Maklum bagaimanapun dia adalah seorang anak manusia. Otaknya jauh lebih sempurna dari otak binatang.
Itulah sebuah contoh yang saya maksudkan. Walau mungkin terlalu ekstrim. Seorang anak manusia yang tumbuh besar dilingkungan binatang, maka ia akan berperilaku seperti binatang pula.
Dengan kata lain, lingkungan sekitar akan membentuk kepribadian seorang manusia.
Ada orang bijak bilang: “Tunjukkan lingkunganmu, maka aku akan tahu siapa engkau”.
Seorang anak Kiai kalau setiap hari bergaul dengan preman, kemungkinan sangat besar dia akan menjadi preman juga.

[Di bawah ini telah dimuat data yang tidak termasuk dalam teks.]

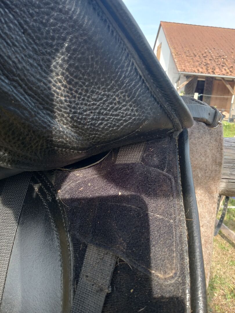Dressyrsadel Bates Wide - I princip är Bates den mer högkvalitativa versionen av en Wintec-sadel eftersom den är tillverkad av läder. Sadelgjordsplattorna är utbytbara. Wide med sitt system av kotlettplattor är avsedd för starka hästar. Vi hade den på en bred ponny. För tillfället har den den lila kotlettplattan. Sadeln är lätt och skön och den 17 tum långa sitsen passar bra för hästar med kort rygg. Knärullarna kan klippas in efter behov. Jag föredrar att rida utan. En kort sadelgjord krävs för sadeln. Mer information på begäran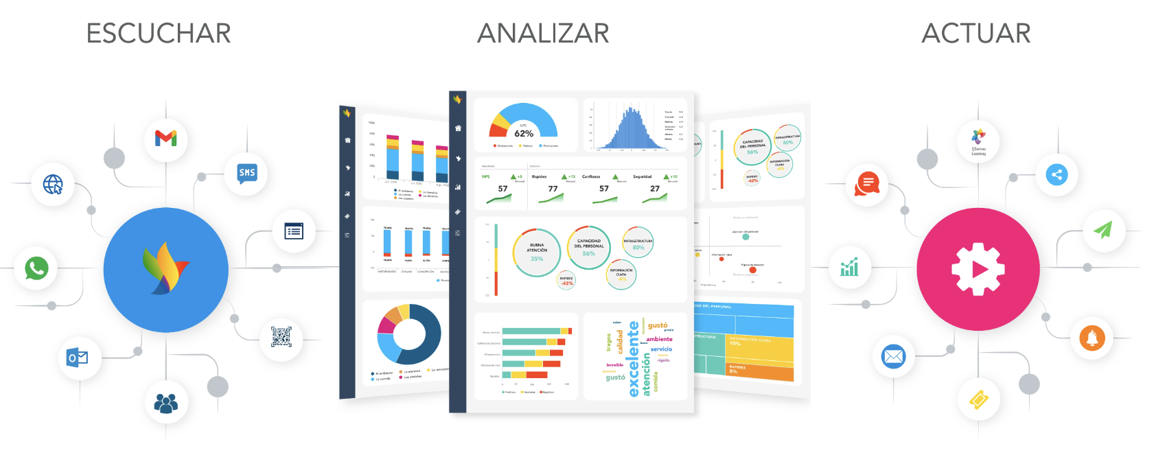 Junto con la recolección, está el análisis de esa información. Procesar los datos y comprender las medidas que debemos activar puede ser desafiante. Para eso, contamos con la Inteligencia Artificial de QServus. Nuestro software cuenta con tecnologías te permite obtener respuestas en tiempo real y mantenerte un paso adelante.

Demikian pula sebaliknya.
Walaupun tentu banyak juga perkecualiannya.
Apakah ‘moto’ itu perlu?
Menurut pendapat pribadi saya, moto atau semboyan yang dipakai oleh seseorang itu kedudukannya berada sedikit dibawah falsafah (hidup).

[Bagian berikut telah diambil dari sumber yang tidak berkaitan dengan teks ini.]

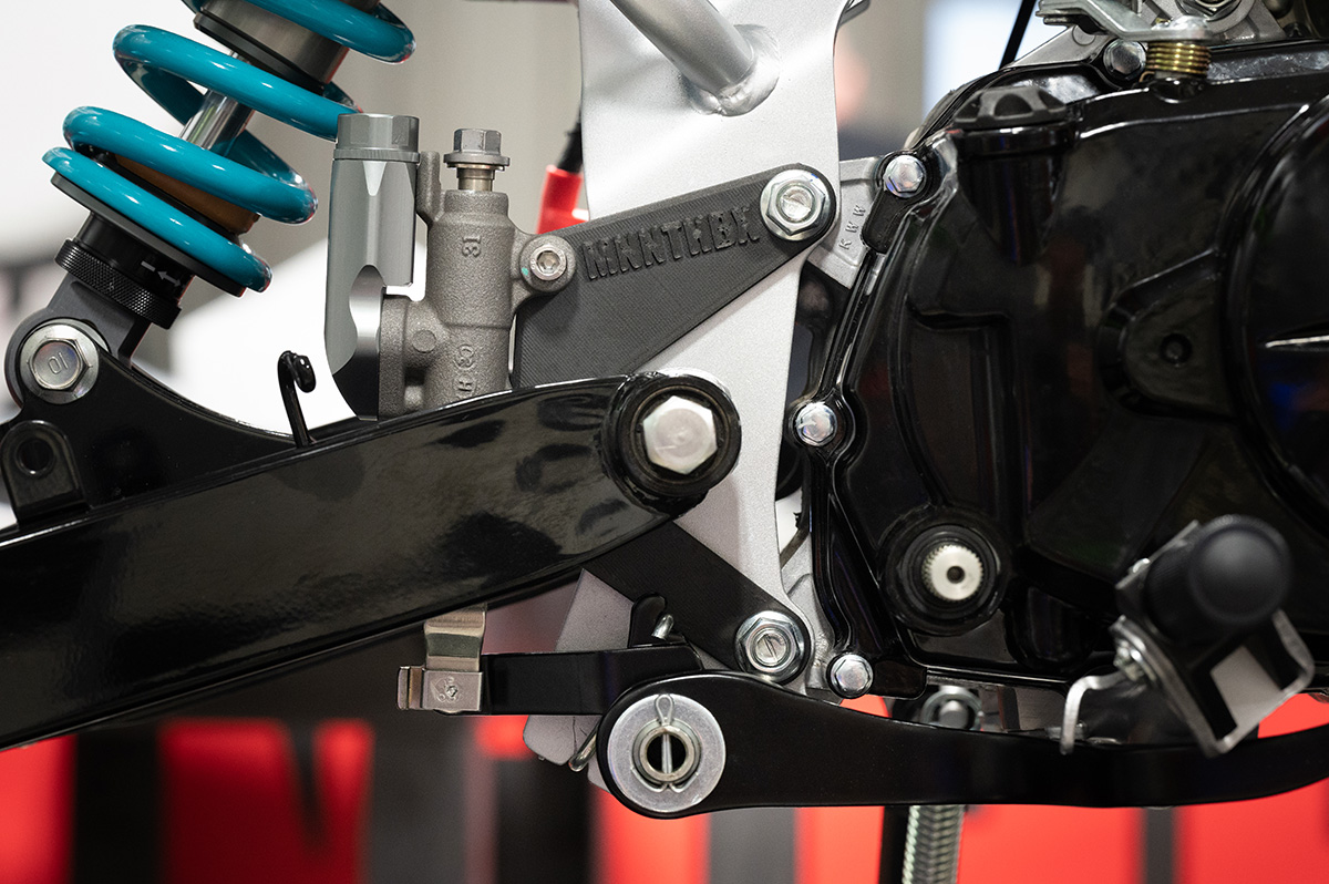 This is the kit used on our CRF110 Super Moto, converted to Grom swingarm, brakes, and wheels. The Markeforged printed bracket is carbon fiber. It requires you trim the back of your OEM brake lever off, and weld on the included brake arm as shown.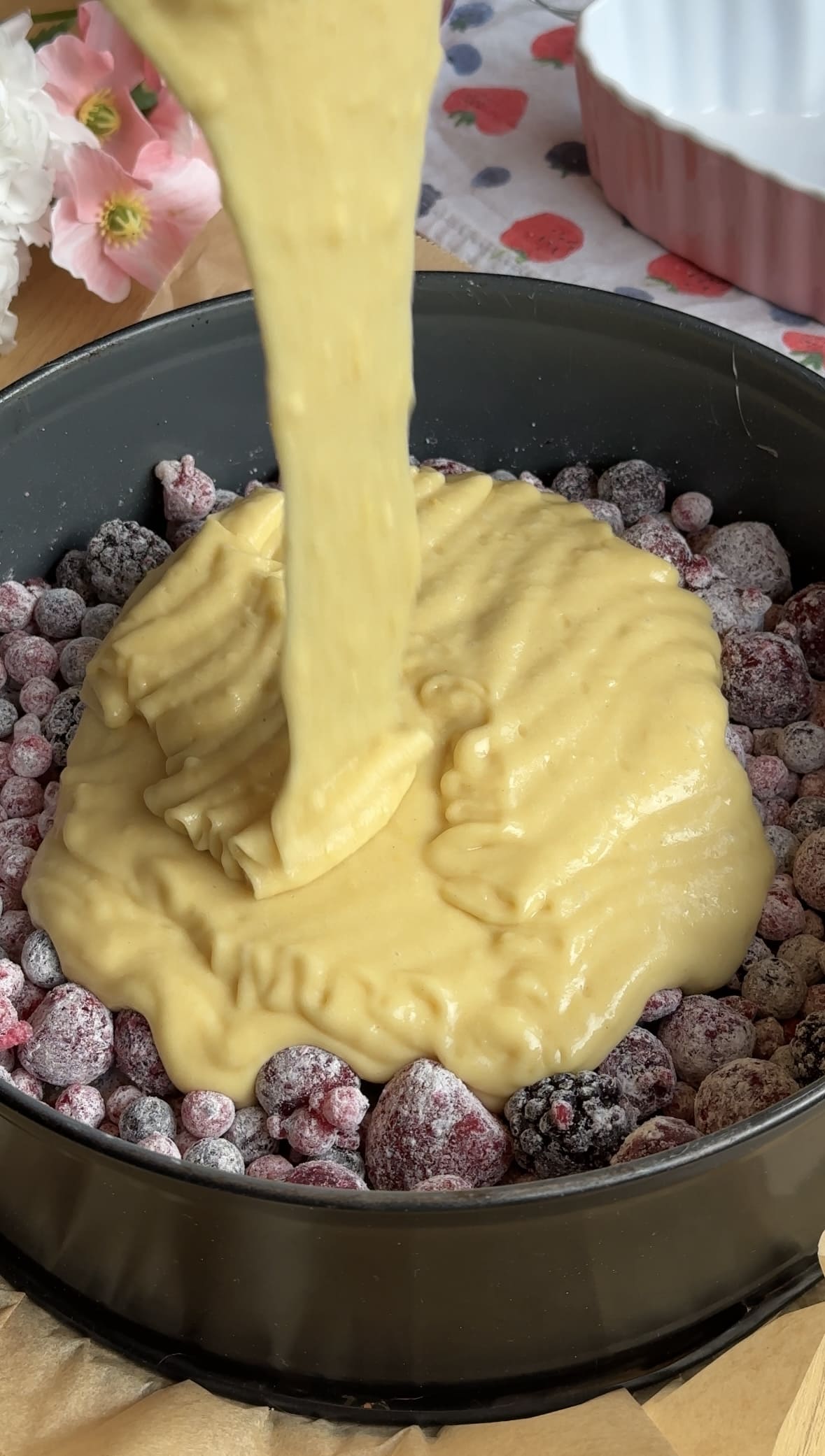 Carefully pour the batter over the berries, making sure it fully covers them. Smooth the top gently. - Bake

Bagi saya, semboyan hanyalah sebuah pedoman atau prinsip yang saya pakai untuk sementara waktu saja. Mungkin saja akan berubah suatu waktu. Siapa tahu?

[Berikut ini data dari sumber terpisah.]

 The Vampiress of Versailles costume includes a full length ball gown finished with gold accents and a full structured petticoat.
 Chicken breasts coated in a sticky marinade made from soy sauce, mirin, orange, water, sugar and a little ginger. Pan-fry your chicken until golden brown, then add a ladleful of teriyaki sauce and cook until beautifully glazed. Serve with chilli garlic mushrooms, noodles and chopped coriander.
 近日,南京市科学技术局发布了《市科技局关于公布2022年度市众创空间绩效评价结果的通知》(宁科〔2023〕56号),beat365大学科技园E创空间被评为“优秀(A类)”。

Kalau begitu mengapa saya harus memakai moto atau semboyan?
Tentu karena sangat maklum potensi saya sendiri berdasarkan pengalaman hidup yang selama ini saya jalani.
Setidaknya saya tahu bahwa secara fisik saya tak pernah menang. Namun secara non-fisik (emosi ataupun intelejensia), belum tentu.
Oleh karena itu sangat baik jika seseorang mengetahui dengan pasti kapasitasnya sendiri.
Ia akan menjadi seorang yang lebih arif. Karena tahu kelemahan dan kekuatan sendiri. Dengan mengetahui hal tersebut, dia bisa menentukan langkah hidupnya.
Sayapun begitu pula. Sadar sepenuhnya bahwa saya tidak akan menjadi seorang yang istimewa karena keterbatasan fisik. Jadi saya harus menampilkan sisi lebih atau kelebihan saya yang (mungkin saja) tidak dimiliki orang lain.
Dan ternyata saya bisa, ini saya syukuri benar.
Kemampuan menyampaikan pikiran dalam bentuk tulisan tidak dipunyai oleh setiap orang.
Menyadari hal tersebut sayapun nekat terus menulis. Tentang apa saja.
Saya berusaha ‘merekam’ (dalam benak) hal-hal yang saya saksikan untuk kemudian menuangkannya dalam bentuk tulisan.
Pertama kali tampak agak susah, lama kelamaan menjadi mudah.
Sebagai penulis pemula memang tidak banyak yang saya harapkan. Jangankan bersaing dengan penulis kondang. Mengharap tulisan saya dibaca orang saja sudah merupakan hal yang luar biasa.
Sejak masih duduk dibangku sekolah menengah atas, kebetulan saya masuk grup teater. Disitu saya berlatih main drama, deklamasi dan menulis puisi. Saya bahkan pernah menjadi juara deklamasi tingkat pelajar dan mahasiswa se Kodya Semarang tiga tahun berturutan.
Tapi menulis puisi ternyata tidak mudah. Maklum seiring dengan usia, puisi yang saya tulis waktu itu kebanyakan bernada cinta remaja. Lalu saya beralih menulis prosa dan esai.
Ternyata lebih mudah menulis esai. Dan ini yang terus saya tekuni, entah sampai kapan.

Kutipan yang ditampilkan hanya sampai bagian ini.